Este es el primero de los cuatro «Cantos del Siervo» del libro de Isaías. En este precioso Canto se presenta al Siervo como el Amado de Dios, al que Dios ha elegido; en el que Dios se complace. Con la asistencia de su Espíritu lo enviará a anunciar la justicia a las naciones –con el lenguaje de hoy, esto es la llamada universal a la santidad–. Escogiendo esta página del libro de Isaías, Mateo nos deja una profunda revelación de Jesucristo, de la misión que su Padre le ha encargado, y del modo como el Señor va a cumplir esa misión.

Jesús es Cristo, el ungido con el Espíritu de Dios. Ha venido al mundo a traernos la vida que recibe del Padre. Por eso curó al hombre de la mano seca y a tantos otros; esas curaciones son signos de que con Jesús llega la vida que procede del Dios vivo y dador de vida.

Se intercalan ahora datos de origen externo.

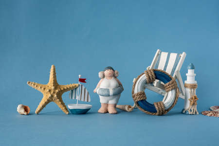 Various decorative nautical items, seashells, sea stars and miniature toys on blue pastel background. Sea travel, summer vacation at ocean concept. Flat lay, top view.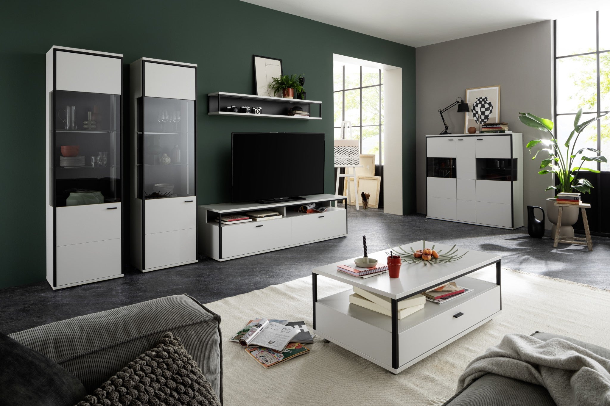 - Korpus: Modern white Melamin Nachbildung, Aluminiumprofil schwarzgrau
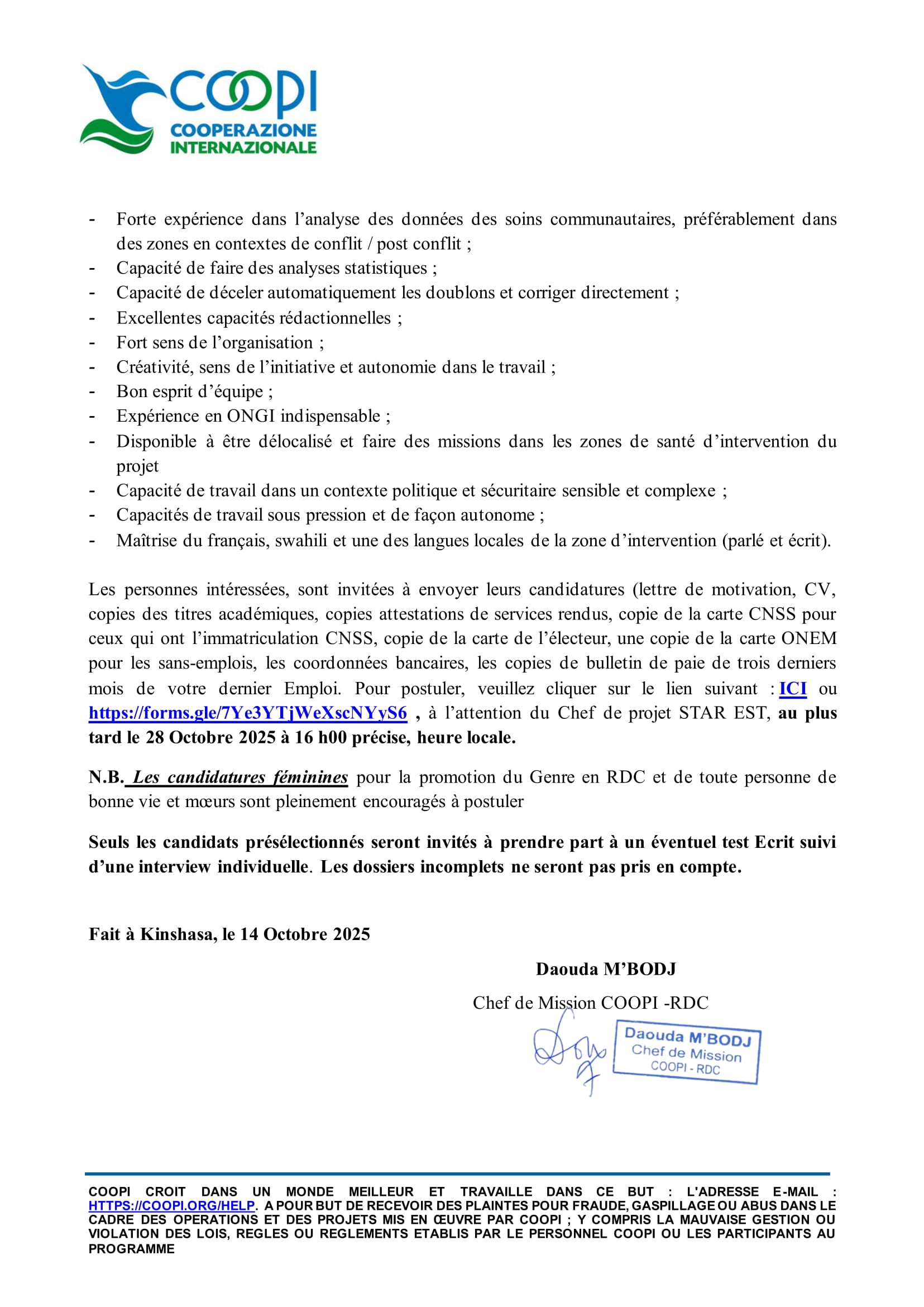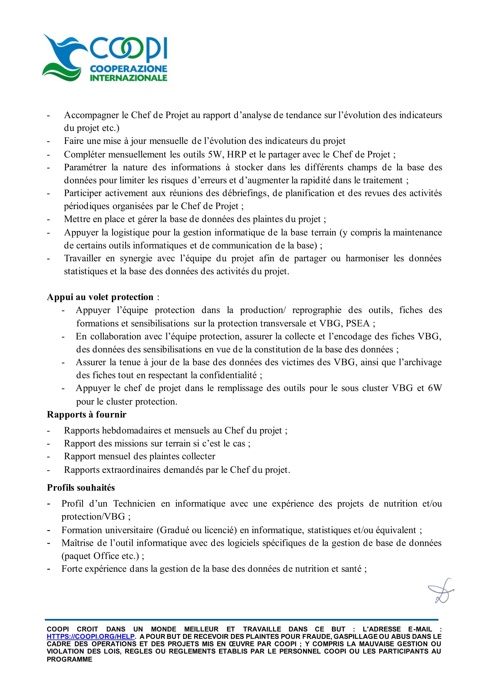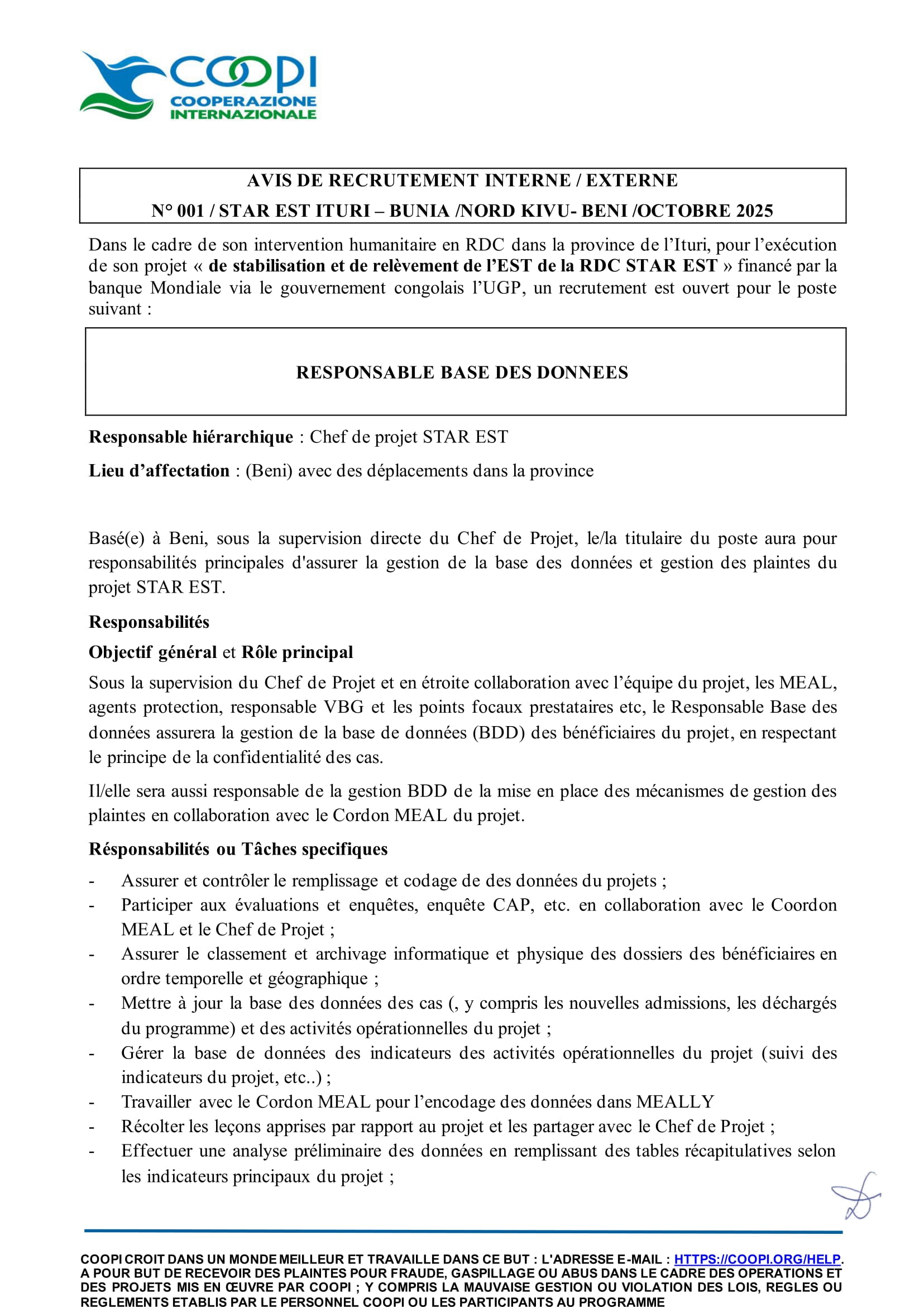 Accueil » Opportunités » Afrique » RD Congo » COOPI recrute un Responsable Base des Données (H/F) à Beni, RDC

Como ya estaba anunciado en el libro de Isaías, Jesús no ha venido a polemizar con los fariseos.

   En Jesús se cumple la profecía del Siervo del Señor, cuyo magisterio amable y discreto había de traer al mundo la justicia que viene del Dios Justo. Solo en su Nombre podemos poner la esperanza porque, como Pedro, lleno del Espíritu Santo, dijo a los Jefes del pueblo y a los ancianos,

“No hay bajo el cielo otro Nombre dado a los hombres por el que nosotros debamos salvarnos”.

Qué lejos de este misterio del amor de Dios por los hombres están esos fariseos que, al salir de la sinagoga, se pusieron de acuerdo contra Jesucristo para ver cómo perderle.